> **Required work**
With pictures left out, output word for word the lines from the one containing "Сборная модель 1:48" through the end of the material below.

======== Material provided

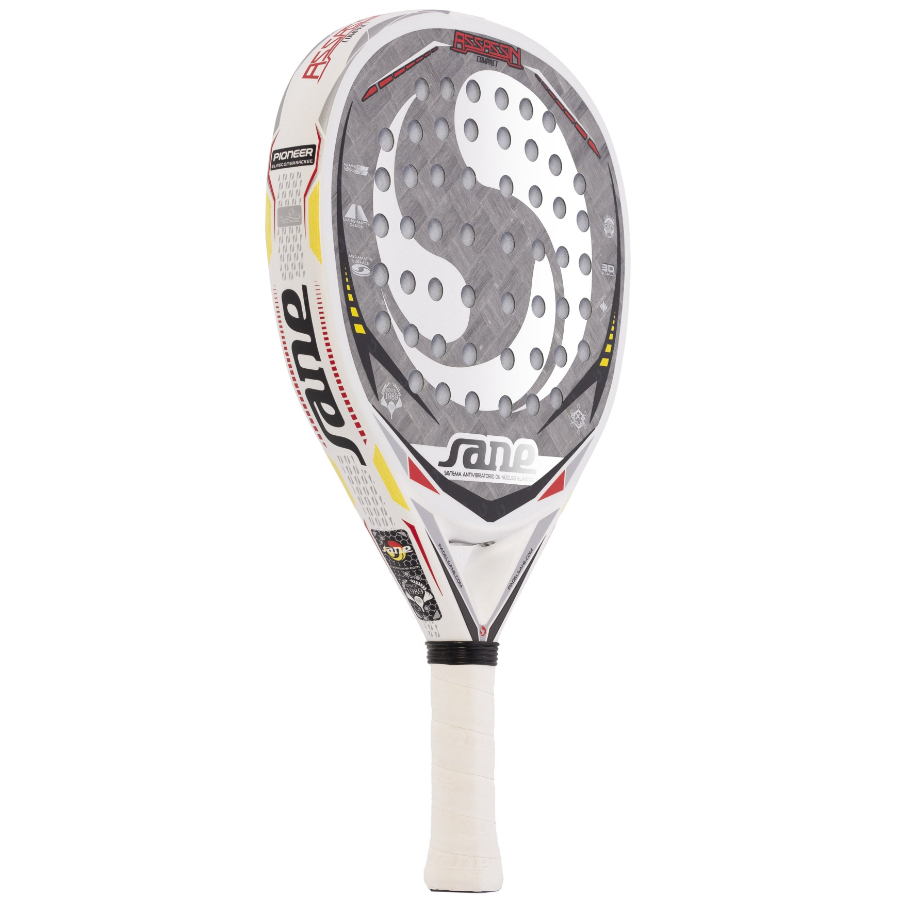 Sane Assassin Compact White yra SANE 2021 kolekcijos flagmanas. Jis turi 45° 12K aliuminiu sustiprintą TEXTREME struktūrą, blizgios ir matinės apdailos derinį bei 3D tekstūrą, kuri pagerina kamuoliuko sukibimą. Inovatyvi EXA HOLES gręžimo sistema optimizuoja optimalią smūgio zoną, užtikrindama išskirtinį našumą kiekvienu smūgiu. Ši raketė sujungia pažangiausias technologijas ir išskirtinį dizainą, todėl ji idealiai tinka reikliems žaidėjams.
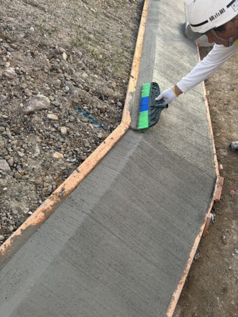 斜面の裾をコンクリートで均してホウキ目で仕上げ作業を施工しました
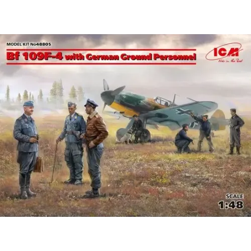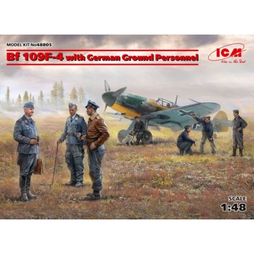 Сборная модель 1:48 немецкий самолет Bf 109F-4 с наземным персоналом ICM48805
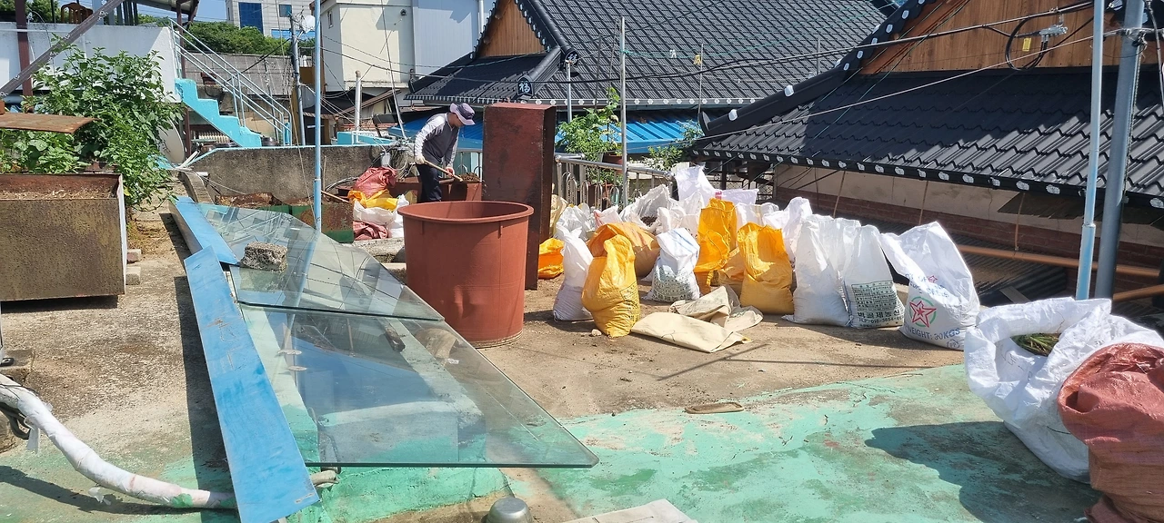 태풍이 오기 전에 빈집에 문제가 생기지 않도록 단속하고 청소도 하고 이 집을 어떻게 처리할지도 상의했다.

================

> **Answer to this problem**
 Сборная модель 1:48 немецкий самолет Bf 109F-4 с наземным персоналом ICM48805
 태풍이 오기 전에 빈집에 문제가 생기지 않도록 단속하고 청소도 하고 이 집을 어떻게 처리할지도 상의했다.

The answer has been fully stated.